### TASK REQUIREMENTS
All that should come back is the lines of the data below from the one containing "[프레스뉴스] 정호일 기자= TV조선" to the one containing "每经AI快讯,天眼查工商信息", inclusive, exactly as they stand.

### MATERIAL FOR THIS EXERCISE
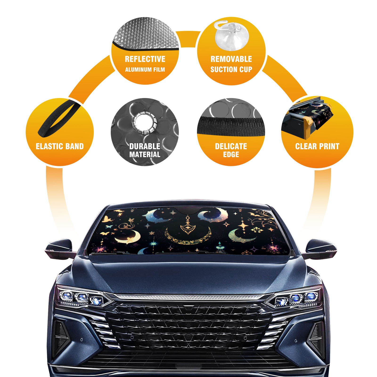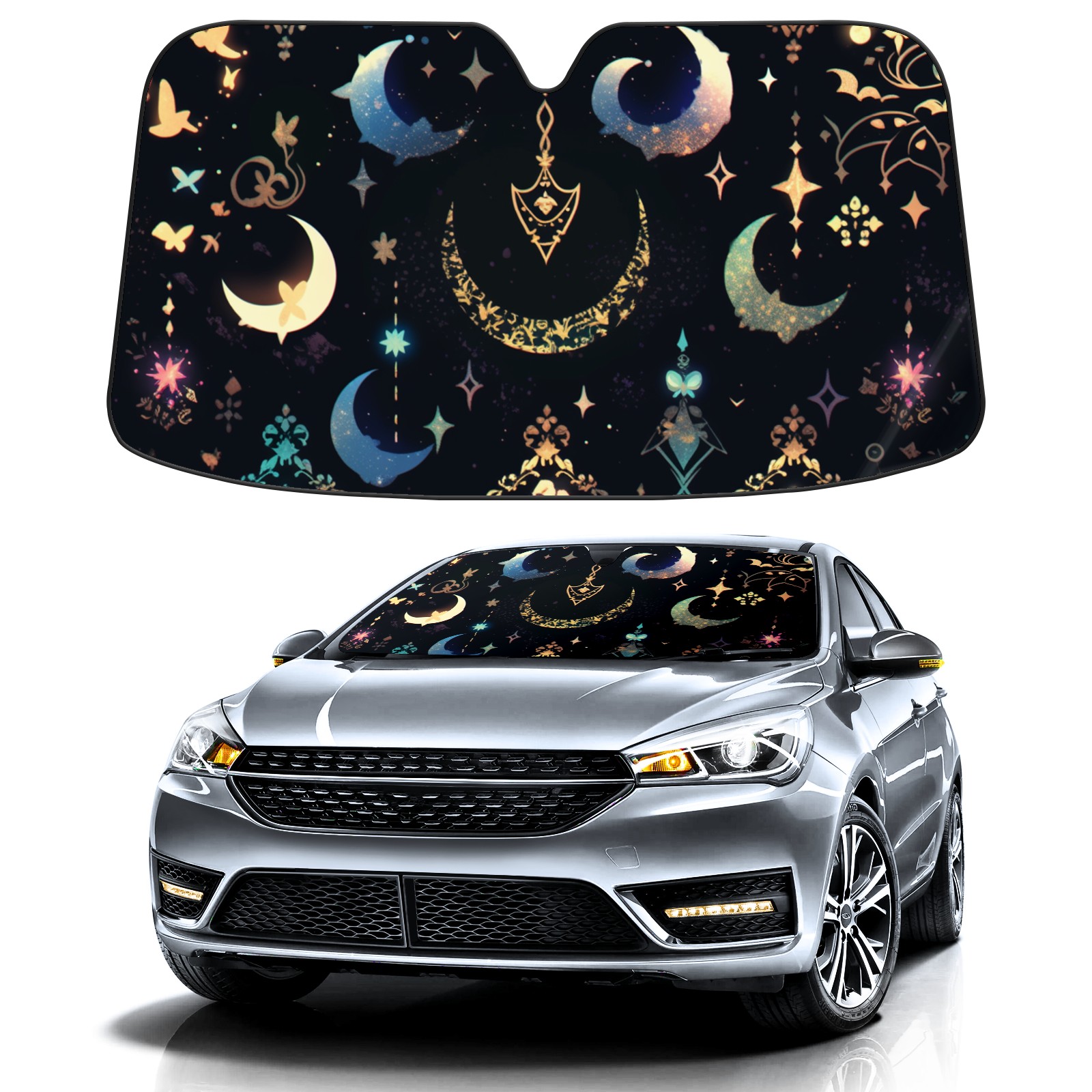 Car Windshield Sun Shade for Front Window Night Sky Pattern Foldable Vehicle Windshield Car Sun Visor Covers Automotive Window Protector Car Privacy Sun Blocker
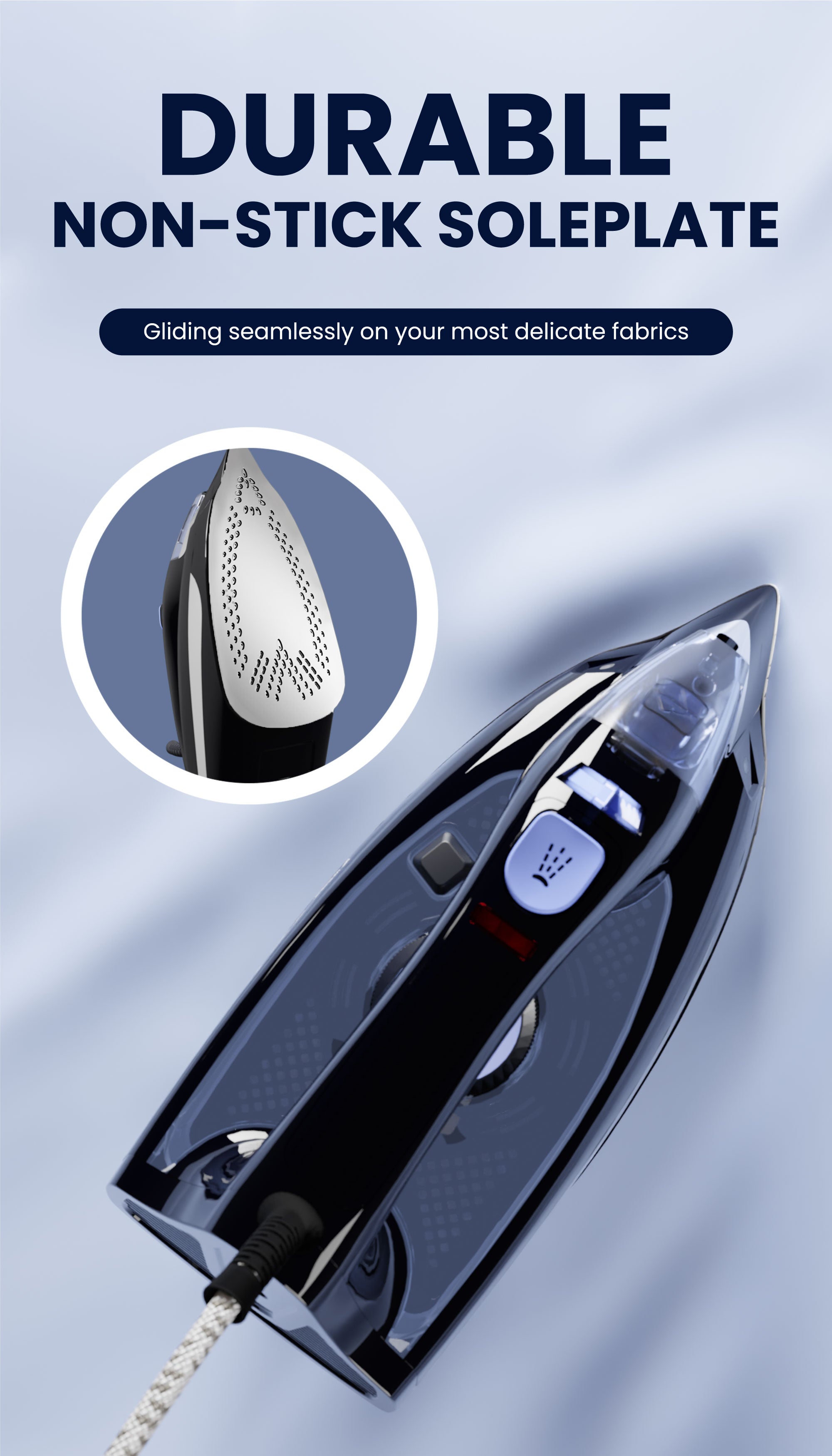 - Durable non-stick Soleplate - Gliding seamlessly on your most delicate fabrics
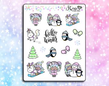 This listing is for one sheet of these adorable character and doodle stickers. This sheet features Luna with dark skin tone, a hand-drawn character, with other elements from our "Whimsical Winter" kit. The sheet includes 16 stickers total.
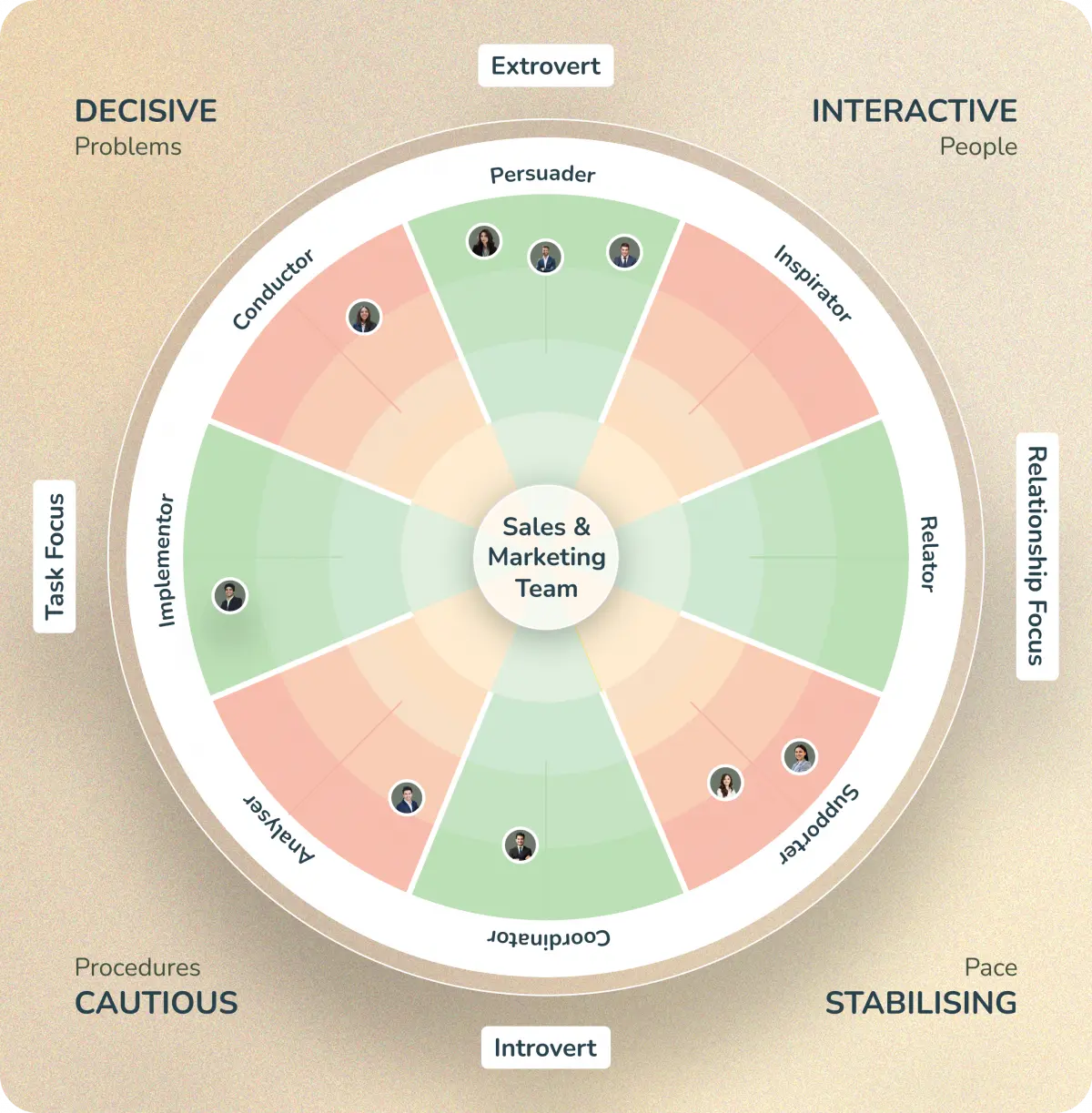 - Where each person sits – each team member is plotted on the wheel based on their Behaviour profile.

---

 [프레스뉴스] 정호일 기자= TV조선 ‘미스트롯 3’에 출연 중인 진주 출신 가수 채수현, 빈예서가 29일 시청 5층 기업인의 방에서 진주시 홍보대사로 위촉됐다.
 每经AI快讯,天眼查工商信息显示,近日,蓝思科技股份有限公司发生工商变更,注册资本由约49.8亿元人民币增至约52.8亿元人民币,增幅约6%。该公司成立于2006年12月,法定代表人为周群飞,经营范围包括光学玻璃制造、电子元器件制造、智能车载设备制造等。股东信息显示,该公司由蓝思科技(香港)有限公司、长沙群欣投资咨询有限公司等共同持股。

### OUTPUT FOR THIS TASK
 [프레스뉴스] 정호일 기자= TV조선 ‘미스트롯 3’에 출연 중인 진주 출신 가수 채수현, 빈예서가 29일 시청 5층 기업인의 방에서 진주시 홍보대사로 위촉됐다.
 每经AI快讯,天眼查工商信息显示,近日,蓝思科技股份有限公司发生工商变更,注册资本由约49.8亿元人民币增至约52.8亿元人民币,增幅约6%。该公司成立于2006年12月,法定代表人为周群飞,经营范围包括光学玻璃制造、电子元器件制造、智能车载设备制造等。股东信息显示,该公司由蓝思科技(香港)有限公司、长沙群欣投资咨询有限公司等共同持股。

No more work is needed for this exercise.